Warsaw, 8 June 2022 


Are we to expect a return to coal? What is the future of the Polish energy industry? – conclusions from the debate of the Union of Entrepreneurs and Employers

Are we to expect a return to coal? What is the future of the Polish energy industry? – this was the topic of the debate “Energy Transition – an Opportunity or a Threat to the Polish Economy” organised by the Union of Entrepreneurs and Employers (ZPP). The participants included the Undersecretary of State of the Ministry of State Assets, Piotr Pyzik.

Other discussion participants were a journalist of, Daniel Czyżewski, the Chief Energy Technology Specialist at ZPP, Włodzimierz Ehrenhalt, and the moderator – Dominika Taranko, a director of the ZPP Energy Forum. The starting point for their conversation was the next edition of the ZPP report prepared by Włodzimierz Ehrenhalt on the energy transition and the accompanying opportunities and threats.

Dominika Taranko started the debate by noting that the energy industry has recently ceased to be an exclusively economic or political subject, and has also begun to concern individual consumers and businesses. “The events that will happen in Poland in the coming years will concern everybody, including Polish companies. Hence the idea to hold a discussion as part of the ZPP Energy Forum on the pragmatic, realistic measures we need to take in order to at least approach the climate targets for 2030 and 2050,” she said.

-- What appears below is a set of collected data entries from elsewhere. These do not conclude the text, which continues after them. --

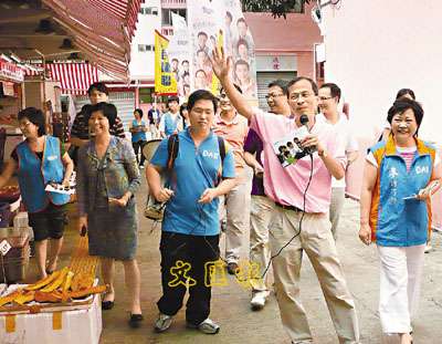 「大師父」曾鈺成無懼夏日炎炎,親率隊友鍾樹根、張國鈞、陳學鋒及郭偉強,穿梭區內大街小巷,公園及街市也不放過。出名口齒伶俐的阿曾不單手執「咪高峰」拉票,還經常向街坊賣口乖,尊稱長者做「哥哥姐姐」,遇上貼著民建聯團隊海報的檔主,又連聲多謝支持,祝大家「好生意」,逗得街坊樂開懷。有老街坊見阿曾的團隊非常落力,也回贈他們定心丸,「幾十年街坊了,當然支持你們,呢區7成街坊都會投民建聯呀!」
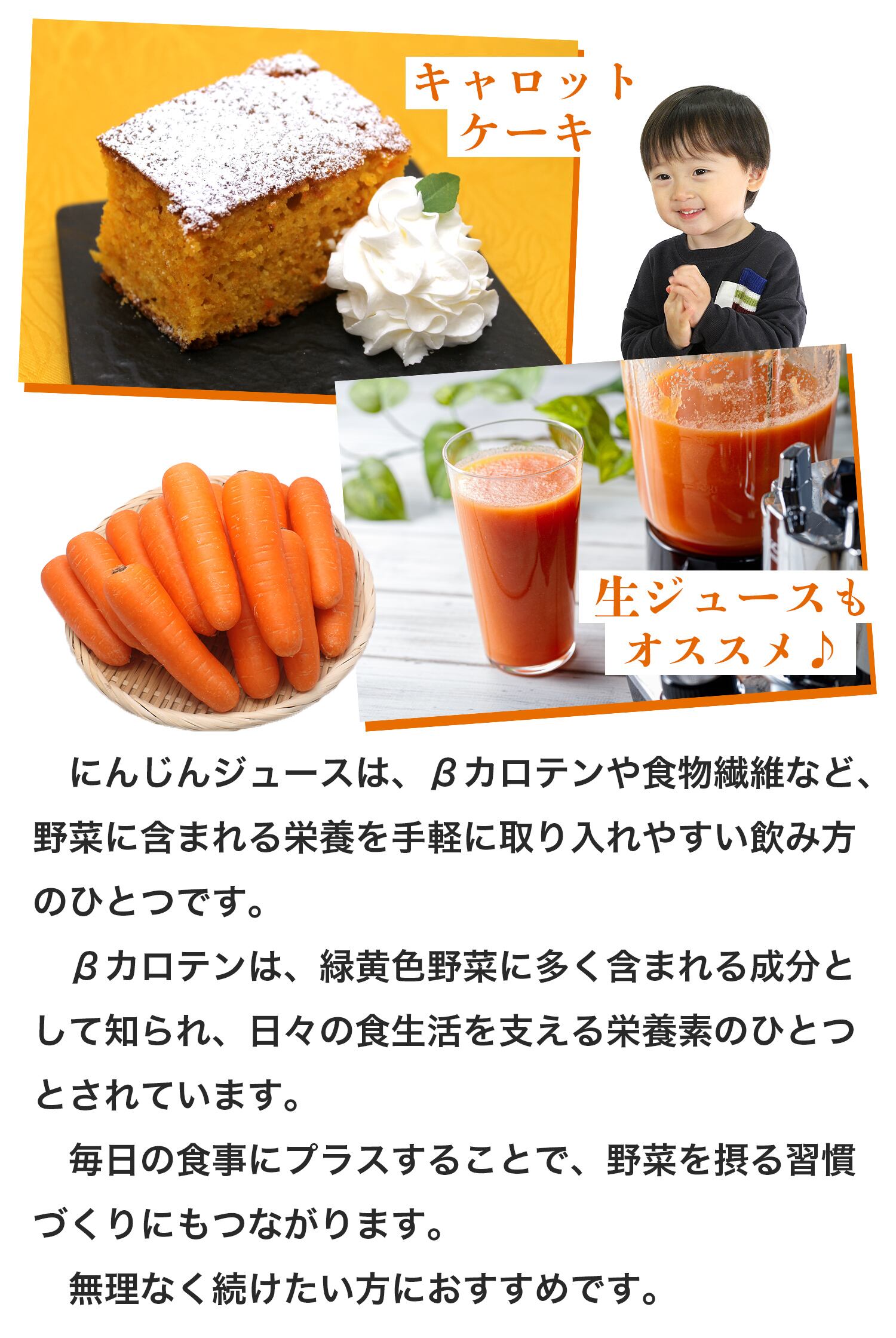 にんじん特有のクセ、えぐみが出にくく、やさしい甘みが感じられるのも特長のひとつ。
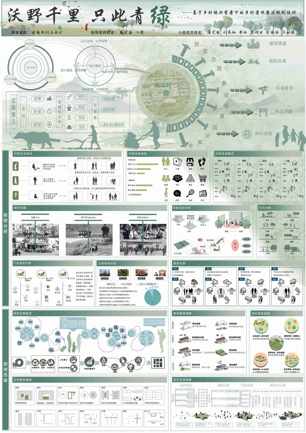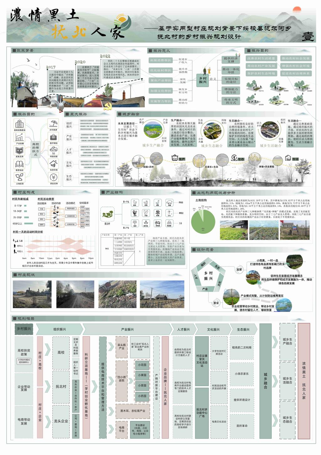 汇报会上,各小组负责人围绕组织振兴、产业振兴、人才振兴、文化振兴、生态振兴等方面,按照整体设计规划、实用性村庄规划、乡村振兴规划、公共服务设施与基础设施专项规划以及景观系统规划等5个细分专题方向,用图文并茂的方式对规划成果进行了汇报和展示。规划成果紧密结合抚北村地理、人文、人口、产业等实际,为抚北村乡村振兴进行了全方位规划,为未来乡村发展提供了高质量的设计方案。充分体现了城乡规划专业师生党员的专业素养和实践能力,展现了当代大学生在乡村振兴工作中的担当和作为。
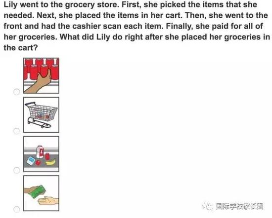 5. 丽丽去逛超市。首先,她挑选自己想要的东西;然后,把它们放进购物车里;接着,去收银处让售货员扫每件东西。最后,付钱离开。问题来了,丽丽在把东西放进购物车之后,紧接着做哪件事?
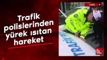 Kars'ta yolda kalan ailenin imdadına polis koştu
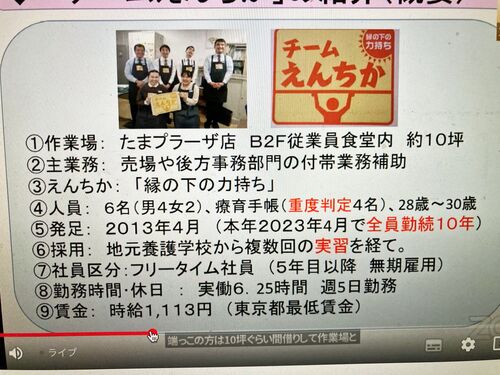 「障がいのある人達と共に働く社会」と題した東急百貨店の「えんちか」の報告がありました。 「2013年4月、横浜市内の東急百貨店たまプラーザ店に障害者中心の部署として新設。 ”縁の下の力持ち”を意味して名づけられた。神奈川県内の養護学校を卒業し…
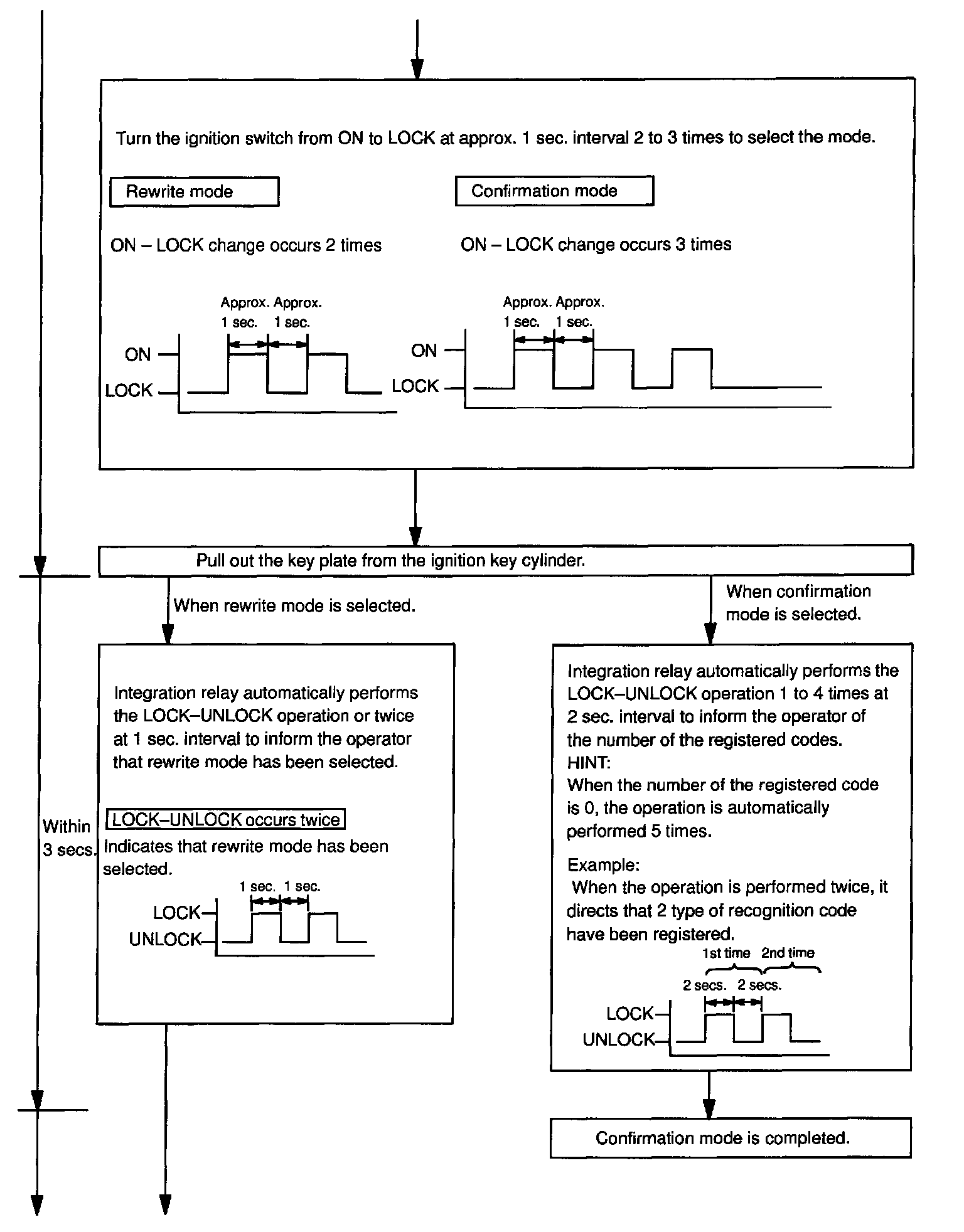 - The confirmation mode is for confirming how many recognition codes are already registered before you rewrite recognition codes.
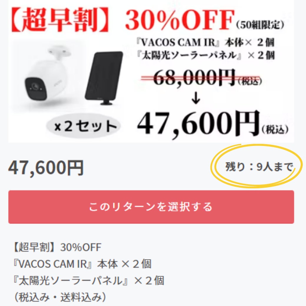 超早割30%OFF(2個セット)のリターンも残りわずか9セットです。

“Today’s debate is also intended to be a contribution to the discussion on the next ZPP report, published since 2019. In the latest document, we have compiled our findings for the previous year. Despite the fact that Russia invaded Ukraine and our geopolitical situation noticeably changed, we have decided to present the report and discuss it in order to establish the setting for the conversation about energy that we, as ZPP, want to have,” added Dominika Taranko.

Włodzimierz Ehrenhalt explained that the report shows what can happen if we do not base Polish production on green energy. “Green energy is the foundation of a pro-export economy. In the report, I point out that if we do not produce it, we will not be able to sell our goods to EU countries – from yoghurts, through locomotives, furniture, to automotive parts. That is why today the transition to green energy is more important than all the other commitments we have,” he said.

As emphasised by the Chief Energy Technology Specialist, the next twenty years will determine the economic position of the European Union in the global economy. According to him, full implementation of the Fit for 55 package – which envisages reducing net CO2 emissions by at least 55% (compared to 1990) by 2030 – in Polish conditions is not possible. That is why we need a discussion at European level that takes account of the circumstances and past events in Poland – in other words, the Polish transition process should take account of the specific historical conditions related to the position of coal in our economy.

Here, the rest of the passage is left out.